Batch ingest is less interactive. For 30+ sources, expect significant processing time. Check in with the user after every 10 sources.
---
## Context Window Discipline
Token budget matters. Follow these rules during ingest:
- Read `wiki/hot.md` first. If it contains the relevant context, don't re-read full pages.
- Read `wiki/index.md` to find existing pages before creating new ones.
- Read only 3-5 existing pages per ingest. If you need 10+, you are reading too broadly.
- Use PATCH for surgical edits. Never re-read an entire file just to update one field.
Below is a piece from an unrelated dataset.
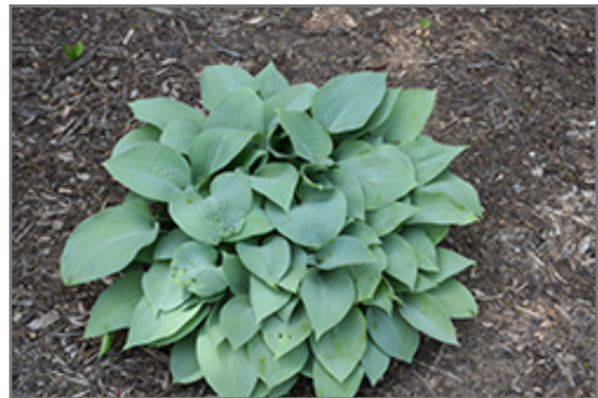
Carolina Blue Hosta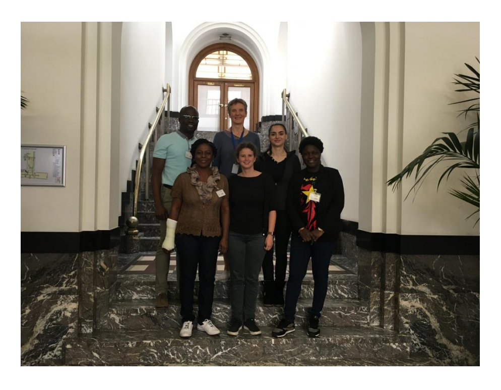
Fig. 3: Photo with the team of Mycobacteriology Unit at ITM

- Keep wiki pages short. 100-300 lines max. If a page grows beyond 300 lines, split it.
- Use search (`/search/simple/`) to find specific content without reading full pages.
---
## Contradictions
When new info contradicts an existing wiki page:
On the existing page, add:
```markdown
> [!contradiction] Conflict with [[New Source]]
> [[Existing Page]] claims X. [[New Source]] says Y.
> Needs resolution — check dates, context, and primary sources.
```
On the new source summary, reference it:
```markdown
> [!contradiction] Contradicts [[Existing Page]]
> This source says Y, but existing wiki says X. See [[Existing Page]] for details.
```
Do not silently overwrite old claims. Flag and let the user decide.
---
## What Not to Do
- Do not modify anything in `.raw/`. These are immutable source documents.
- Do not create duplicate pages. Always check the index and search before creating.
- Do not skip the log entry. Every ingest must be recorded.
- Do not skip the hot cache update. It is what keeps future sessions fast.